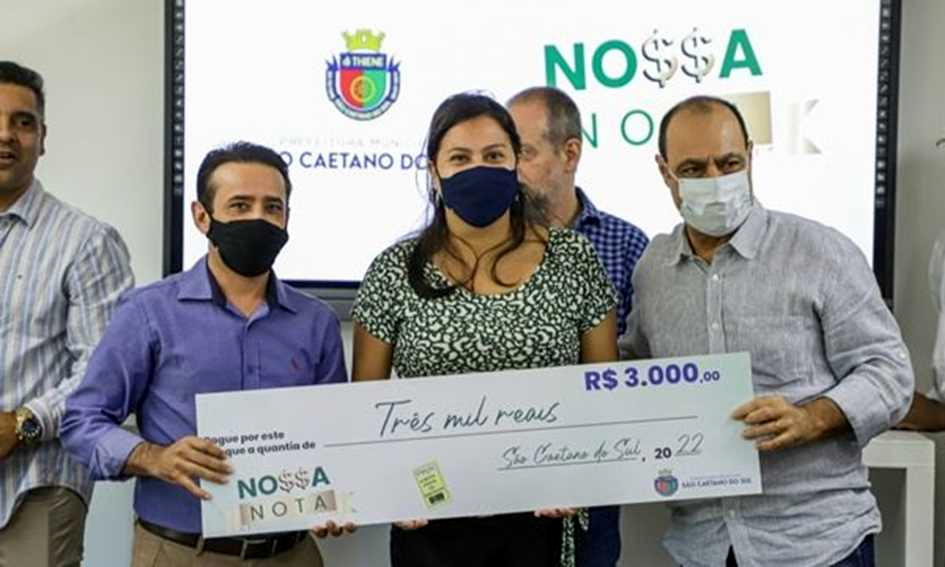 A Prefeitura de São Caetano do Sul entregou premiação de R$60 mil do Programa Nossa Nota a contribuintes que exigiram nota fiscal de prestação de serviços na cidade. O evento desta segunda-feira (28/3), no Palácio da Cerâmica, contou com as presenças do prefeito José Auricchio Júnior, secretários municipais e vereadores, além de premiados – um prêmio de R$30 mil e dez prêmios de R$3 mil.
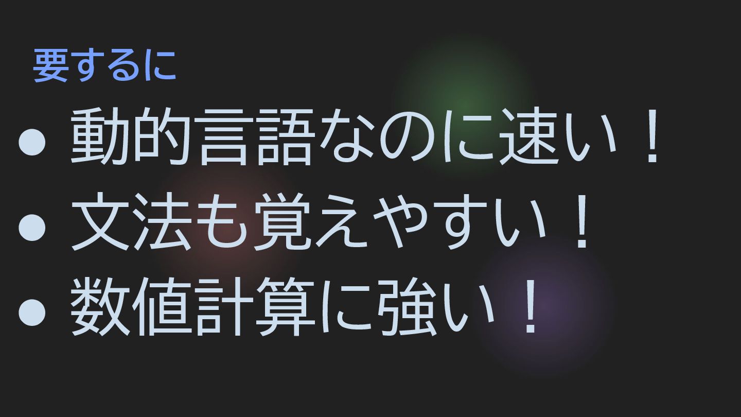 要するに • 動的言語なのに速い! • 文法も覚えやすい! • 数値計算に強い!
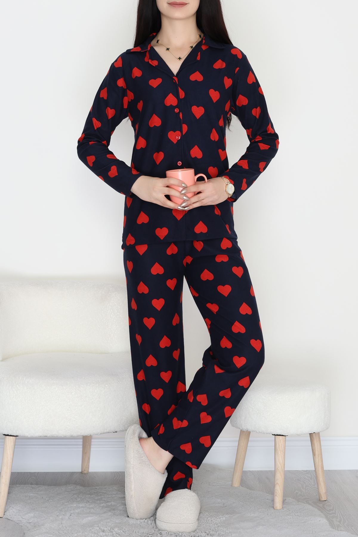Süet Düğmeli Pijama Takımı Pembeçilek - 450.1287.
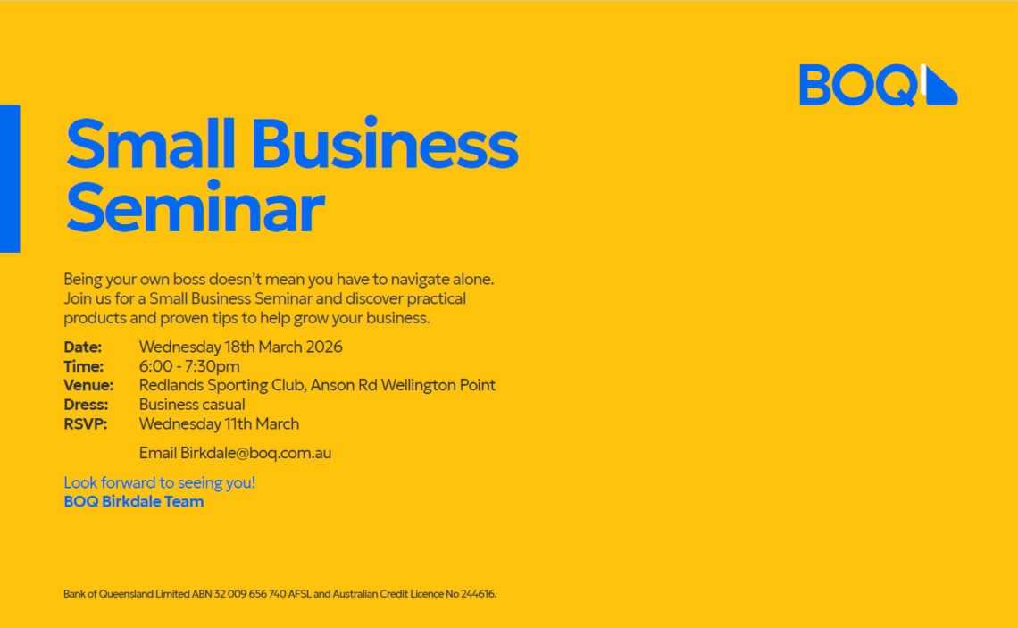 As part of our ongoing commitment to supporting local businesses, BOQ is hosting a Small Business Seminar on Wednesday, 18 March 2026 at the Redlands Sporting Club.

YOUR GOAL >> Beginning at the line that contains "Süet Düğmeli Pijama" and ending at the last line of the data, return each line exactly; no picture belongs in the copy.

OUTPUT OF THE TASK >>
Süet Düğmeli Pijama Takımı Pembeçilek - 450.1287.
 As part of our ongoing commitment to supporting local businesses, BOQ is hosting a Small Business Seminar on Wednesday, 18 March 2026 at the Redlands Sporting Club.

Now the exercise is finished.